Stored records
○ ○ ○ ○ ○
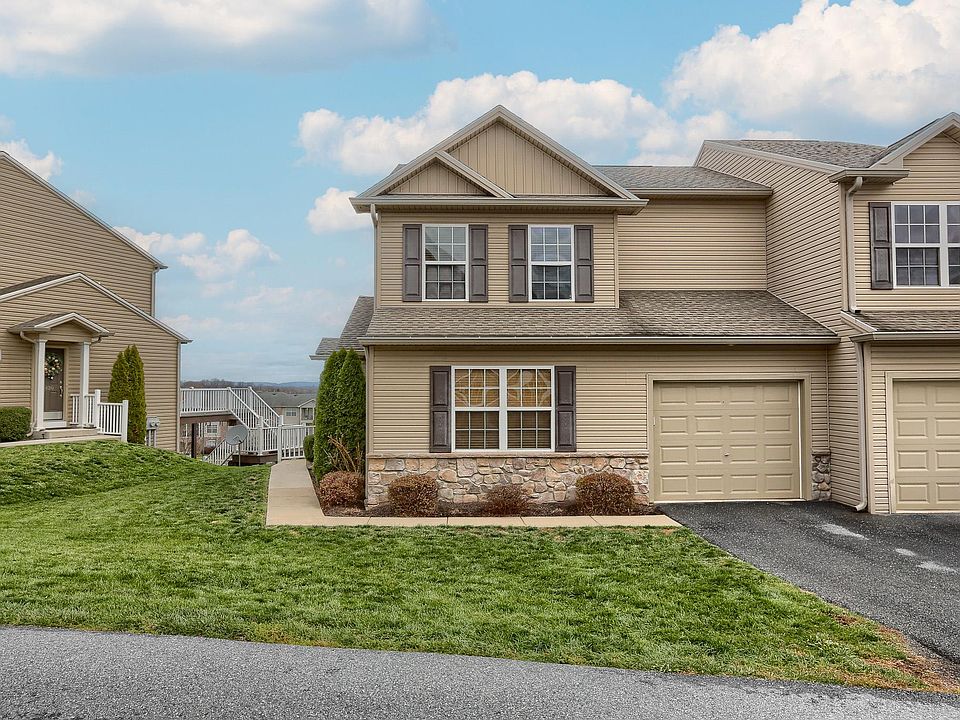 Enjoy this spacious end-unit townhouse with beautiful views of the Hershey/Hummelstown area. Featuring 2 bedrooms and 2 full bathrooms, this home boasts vaulted ceilings, a private balcony, and a versatile loft perfect for a home office, playroom, or relaxation space. The first floor includes a full bedroom and bathroom, an open living and dining area, kitchen, and convenient laundry. Upstairs, find a second bedroom with its own full bathroom and a bright loft. The full walkout basement, though unfinished, offers endless potential for a home gym or storage. Located just minutes from Hershey Medical Center, Harrisburg, and major routes (322/283/83), this home combines convenience and comfort. This property is available for a one-year lease starting on July 1st, 2025.
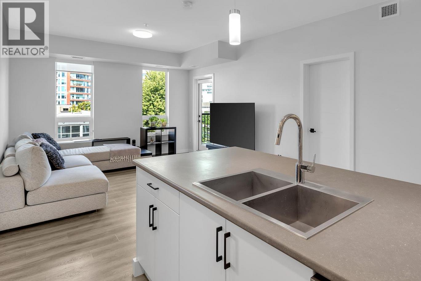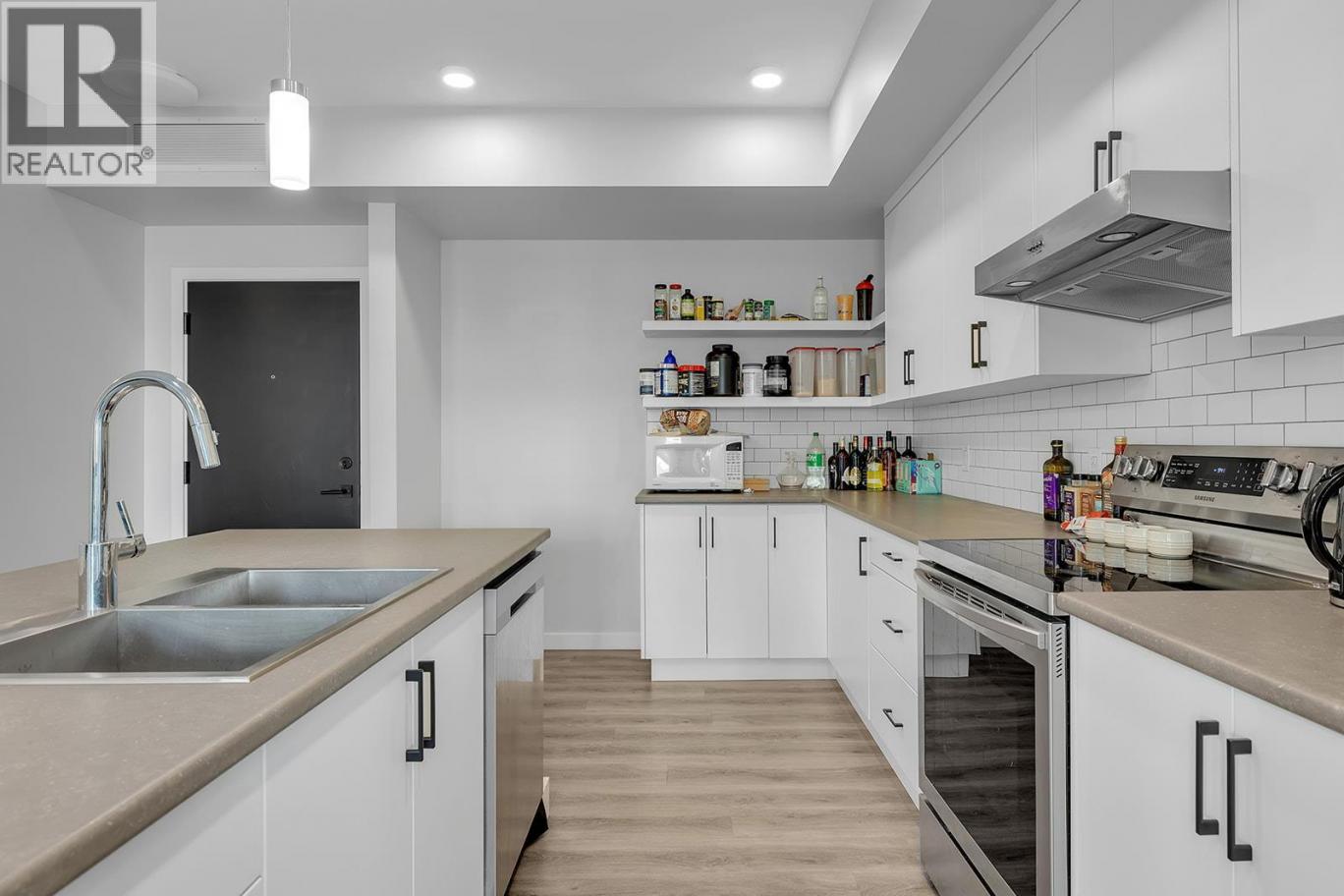 Welcome to this beautifully appointed 2-bed, 2-bath residence in the heart of downtown Kelowna. Thoughtfully designed with a split-bedroom layout, this home offers exceptional privacy and functionality. The bright, open-concept living space is complemented by a modern kitchen featuring stainless steel appliances and a large island with an eating bar, perfect for both everyday living and entertaining. The spacious primary suite includes a generous walk-through closet and a well-appointed 3-piece ensuite, while the second bedroom is ideal for guests, a home office, or additional living space. Step outside to the fully covered deck and take in stunning city and mountain views year-round. Additional highlights include in-unit laundry, central air, BBQ-friendly living, and a secure underground parking stall. Situated in a highly sought-after downtown location, you’re just steps from shopping, restaurants, entertainment, and the waterfront. Enjoy the best of Okanagan living with just a short stroll to Okanagan Lake. Call your favourite agent today to a schedule a viewing of your next home! (id:6769)
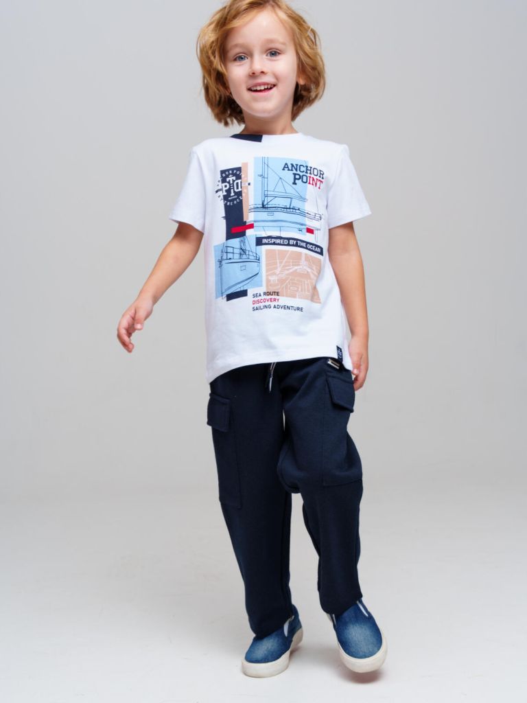 Футболка детская для мальчика. Футболка из качественного и приятного на ощупь трикотажа джерси. Модель с высоким содержанием хлопка 95%. Благодаря наличию эластана в составе ткани изделие проще в уходе и держит форму. Модель выполнена из качественного и приятного на ощупь трикотажа.
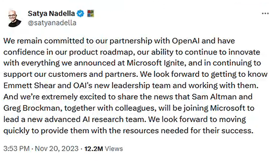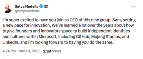 在媒体公布消息后不久,纳德拉就跳将出来,宣布了阿尔特曼和布洛克曼双双加入的消息。这更像是阿尔特曼的一次表态:这个CEO,也不是非当不可。
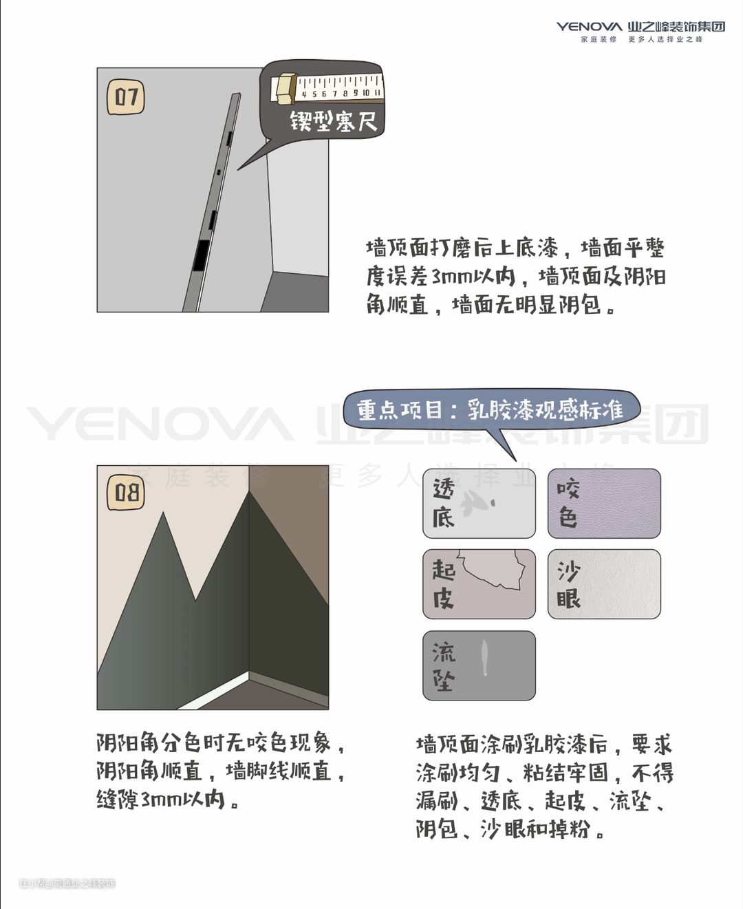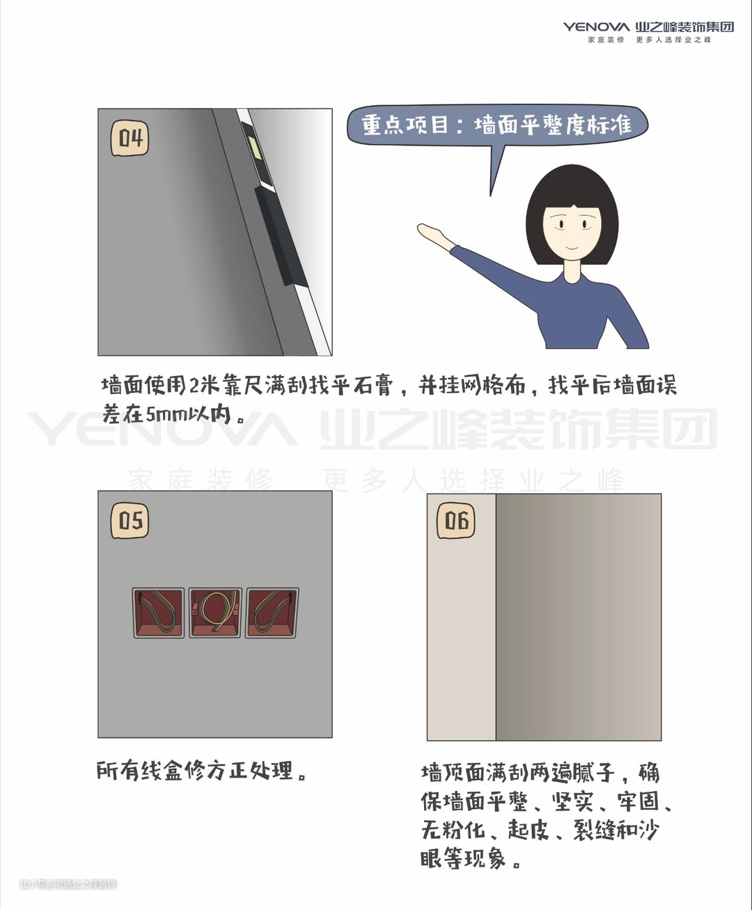 1、刮腻子:腻子一般刮两到三遍,需要注意的是每遍腻子干透之后才能再批下一遍,否则会出现空鼓等问题。
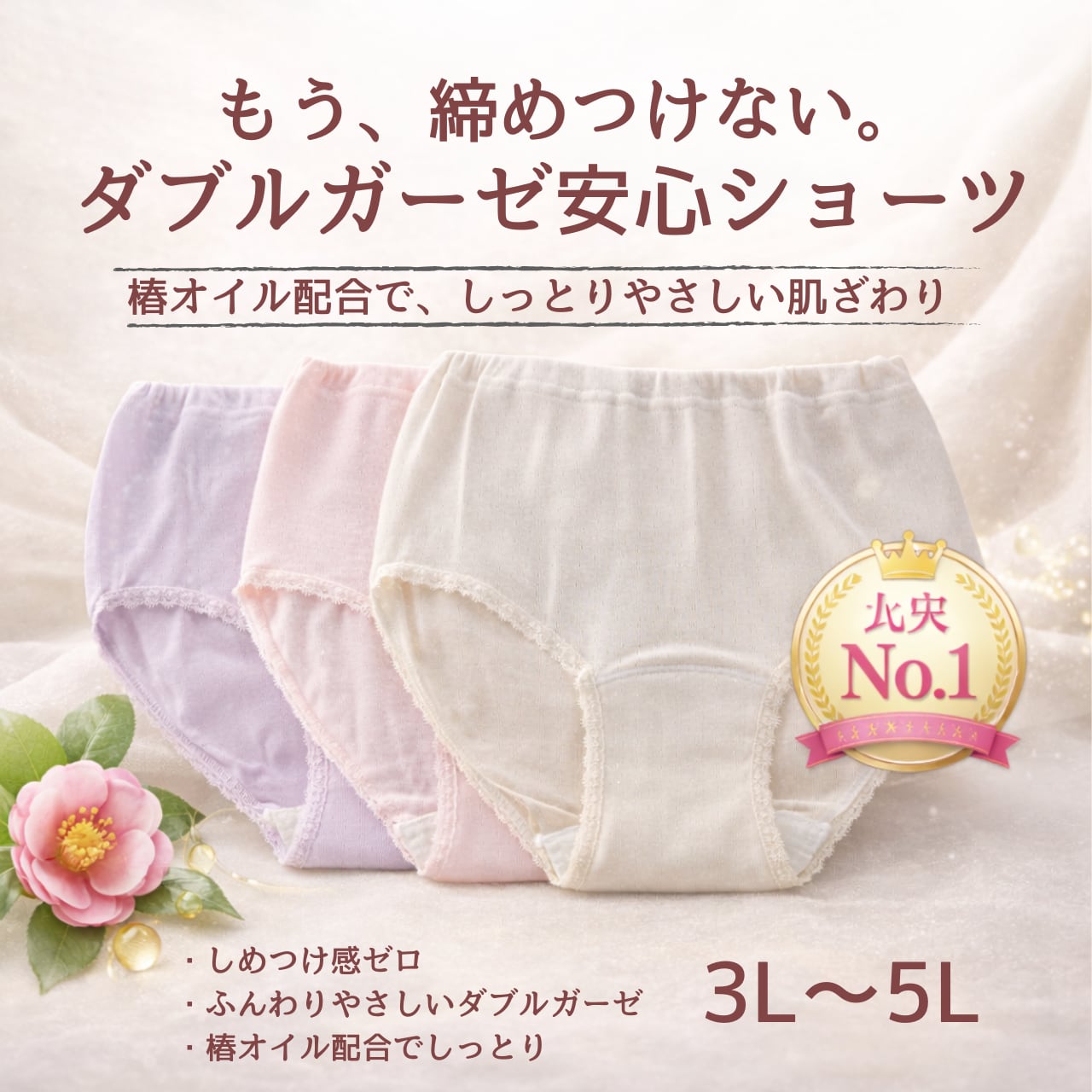 # 椿オイル配合ダブルガーゼ安心ショーツ 3L~5L
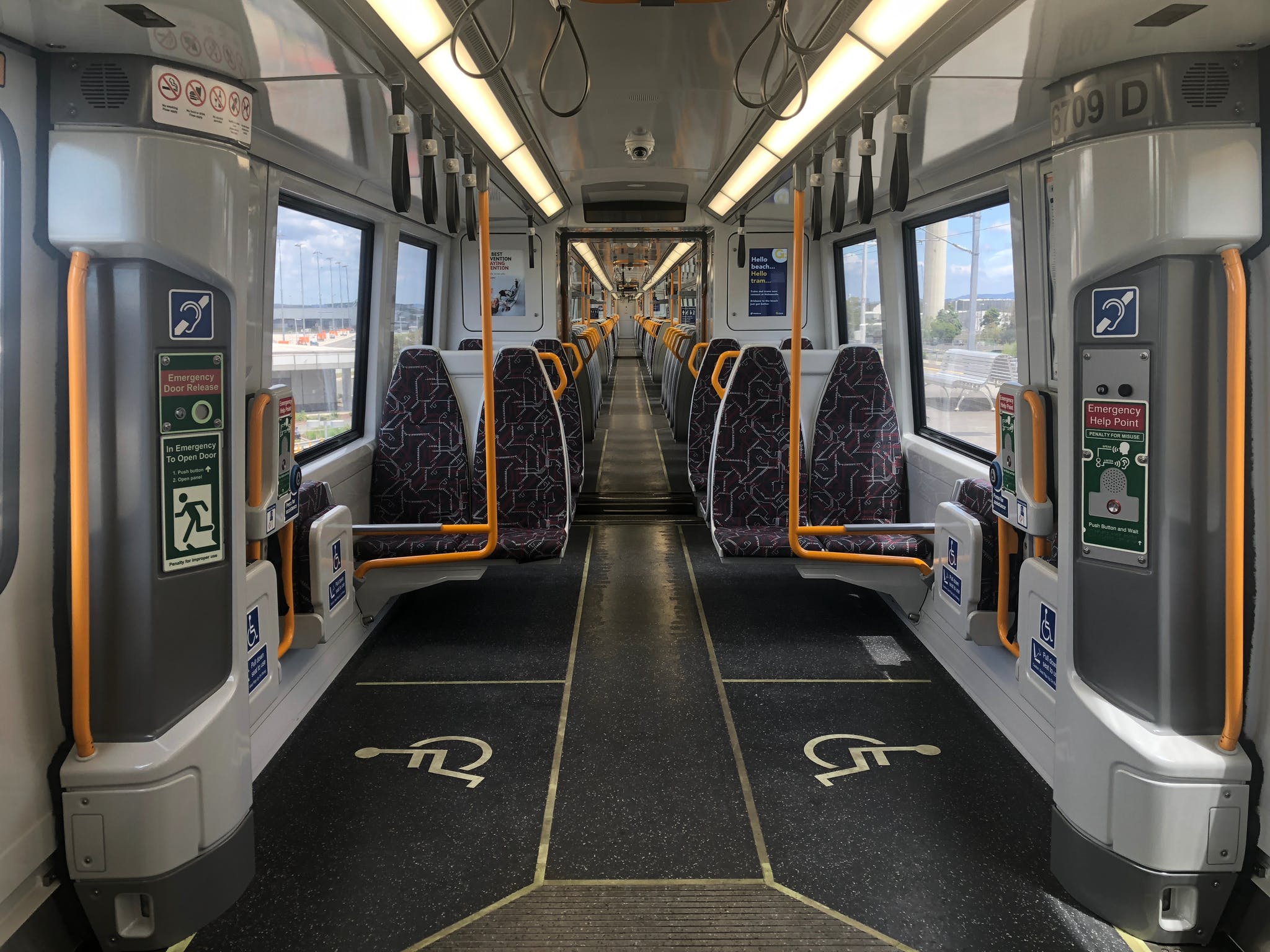 Airtrain travels from Brisbane Airport to Varsity Lakes, including Ormeau, Coomera, Helensvale, Nerang, Robina, and Varsity Lakes stations. Our trains leave at regular intervals, so you can catch an Airtrain every 15 minutes during peak times, and every 30 minutes during off-peak times. The journey is comfortable in our modern fleet of trains.
○ ○ ○ ○ ○
Task statement - Retype all the entries exactly; drop the pictures.

Output of the task -
 Enjoy this spacious end-unit townhouse with beautiful views of the Hershey/Hummelstown area. Featuring 2 bedrooms and 2 full bathrooms, this home boasts vaulted ceilings, a private balcony, and a versatile loft perfect for a home office, playroom, or relaxation space. The first floor includes a full bedroom and bathroom, an open living and dining area, kitchen, and convenient laundry. Upstairs, find a second bedroom with its own full bathroom and a bright loft. The full walkout basement, though unfinished, offers endless potential for a home gym or storage. Located just minutes from Hershey Medical Center, Harrisburg, and major routes (322/283/83), this home combines convenience and comfort. This property is available for a one-year lease starting on July 1st, 2025.
 Welcome to this beautifully appointed 2-bed, 2-bath residence in the heart of downtown Kelowna. Thoughtfully designed with a split-bedroom layout, this home offers exceptional privacy and functionality. The bright, open-concept living space is complemented by a modern kitchen featuring stainless steel appliances and a large island with an eating bar, perfect for both everyday living and entertaining. The spacious primary suite includes a generous walk-through closet and a well-appointed 3-piece ensuite, while the second bedroom is ideal for guests, a home office, or additional living space. Step outside to the fully covered deck and take in stunning city and mountain views year-round. Additional highlights include in-unit laundry, central air, BBQ-friendly living, and a secure underground parking stall. Situated in a highly sought-after downtown location, you’re just steps from shopping, restaurants, entertainment, and the waterfront. Enjoy the best of Okanagan living with just a short stroll to Okanagan Lake. Call your favourite agent today to a schedule a viewing of your next home! (id:6769)
 Футболка детская для мальчика. Футболка из качественного и приятного на ощупь трикотажа джерси. Модель с высоким содержанием хлопка 95%. Благодаря наличию эластана в составе ткани изделие проще в уходе и держит форму. Модель выполнена из качественного и приятного на ощупь трикотажа.
 在媒体公布消息后不久,纳德拉就跳将出来,宣布了阿尔特曼和布洛克曼双双加入的消息。这更像是阿尔特曼的一次表态:这个CEO,也不是非当不可。
 1、刮腻子:腻子一般刮两到三遍,需要注意的是每遍腻子干透之后才能再批下一遍,否则会出现空鼓等问题。
 # 椿オイル配合ダブルガーゼ安心ショーツ 3L~5L
 Airtrain travels from Brisbane Airport to Varsity Lakes, including Ormeau, Coomera, Helensvale, Nerang, Robina, and Varsity Lakes stations. Our trains leave at regular intervals, so you can catch an Airtrain every 15 minutes during peak times, and every 30 minutes during off-peak times. The journey is comfortable in our modern fleet of trains.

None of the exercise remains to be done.